• _EXERCISE PROMPT_
Line by line, repeat the material below exactly and leave the images out.
Top of DATA BLOCK
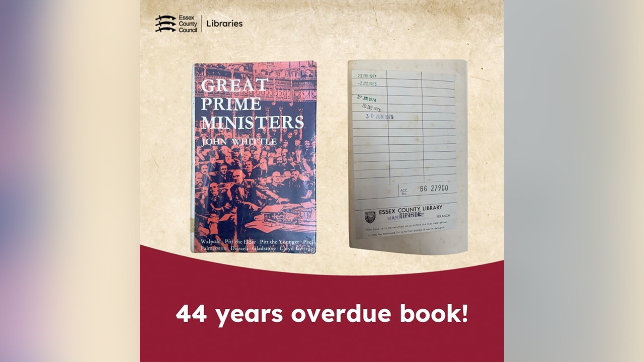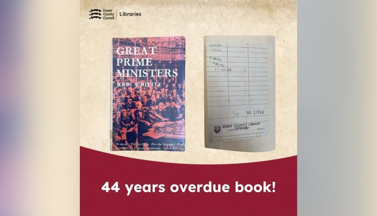 The book, “Great Prime Ministers” by John Whittle, was originally due back at the Essex County library’s Tiptree location on June 30, 1979.
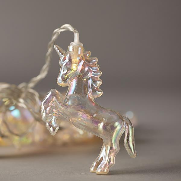 Светлинен гирлянд с 10 LED еднорози, работи с батерия и таймер.
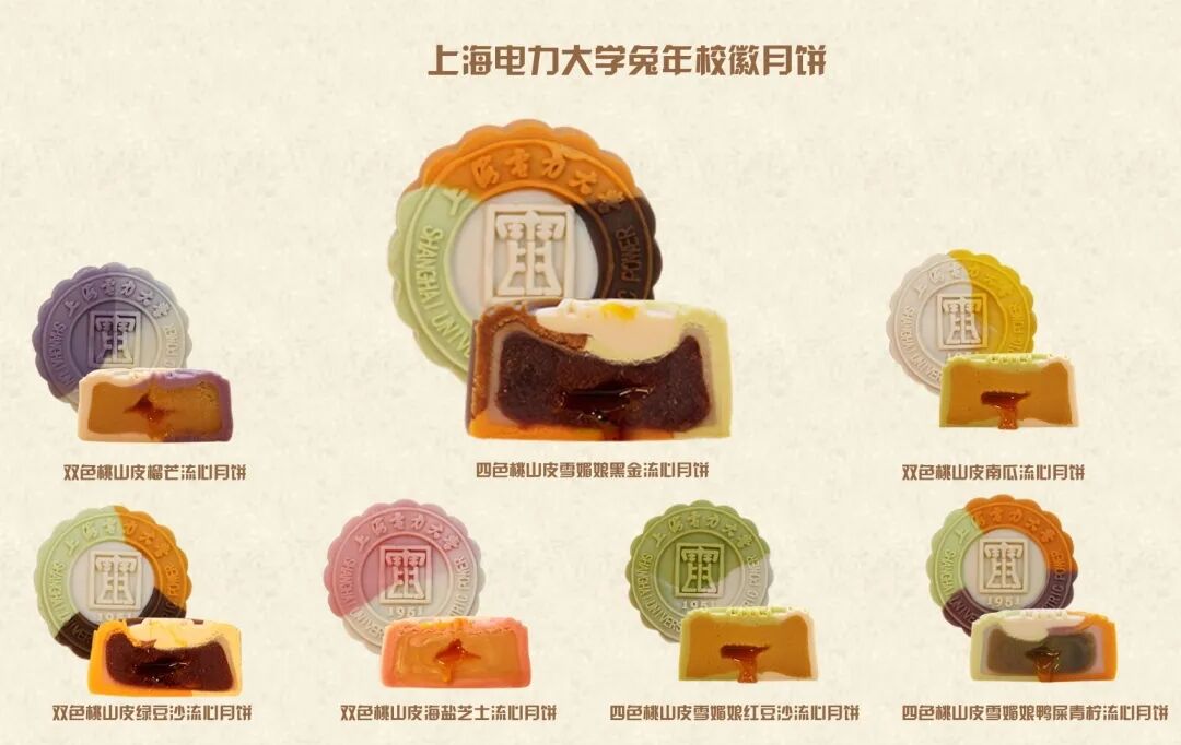 上海电力大学今年推出兔年校徽月饼,口味丰富,品类多样。在广式五仁、豆沙及现烤鲜肉等传统口味的基础上,推出了流心口味的桃山皮月饼,并搭配新潮流行口味。形如满月,蕴含了中国传统的美好愿景;或甜或咸,寄以一份浓浓乡情;校徽以伴,与天南海北的上电人共赏月、共度中秋夜。
Bottom of DATA BLOCK
• _SOLUTION BELOW_
 The book, “Great Prime Ministers” by John Whittle, was originally due back at the Essex County library’s Tiptree location on June 30, 1979.
 Светлинен гирлянд с 10 LED еднорози, работи с батерия и таймер.
 上海电力大学今年推出兔年校徽月饼,口味丰富,品类多样。在广式五仁、豆沙及现烤鲜肉等传统口味的基础上,推出了流心口味的桃山皮月饼,并搭配新潮流行口味。形如满月,蕴含了中国传统的美好愿景;或甜或咸,寄以一份浓浓乡情;校徽以伴,与天南海北的上电人共赏月、共度中秋夜。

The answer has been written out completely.